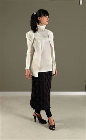 ISSEY MIYAKE Gonna nera luonguette di taglio morbido con rilievi di stella a quattro punte, anni '90 tg. M ISSEY MIYAKE 1990's long black pleated skirt with embossed star shaped pattern size: M
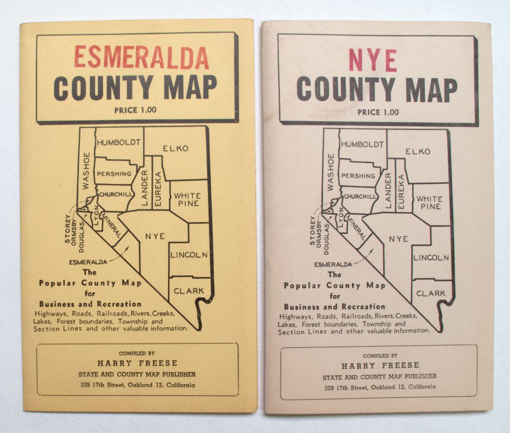 REAT RESOURCES for the explorer! Lot of 2 early county maps—one of Esmeralda County and the other of Nye County—folded into brochure form. Compiled by Harry Freese, State and County Map Publisher in Oakland, CA.
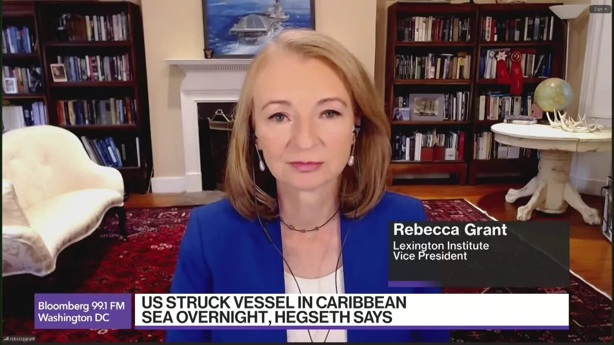 Rebecca Grant, vice president of the Lexington Institute, said that the US decision to send a naval strike group including aircraft carrier Gerald R. Ford to Latin America ‘extends the options’ the Trump administration has in its campaign on Venezuela. (Source: Bloomberg)

● ● ● ●

> **What needs to be done**
Print all the lines above again exactly, without any pictures.

> **Answer to this problem**
 ISSEY MIYAKE Gonna nera luonguette di taglio morbido con rilievi di stella a quattro punte, anni '90 tg. M ISSEY MIYAKE 1990's long black pleated skirt with embossed star shaped pattern size: M
 REAT RESOURCES for the explorer! Lot of 2 early county maps—one of Esmeralda County and the other of Nye County—folded into brochure form. Compiled by Harry Freese, State and County Map Publisher in Oakland, CA.
 Rebecca Grant, vice president of the Lexington Institute, said that the US decision to send a naval strike group including aircraft carrier Gerald R. Ford to Latin America ‘extends the options’ the Trump administration has in its campaign on Venezuela. (Source: Bloomberg)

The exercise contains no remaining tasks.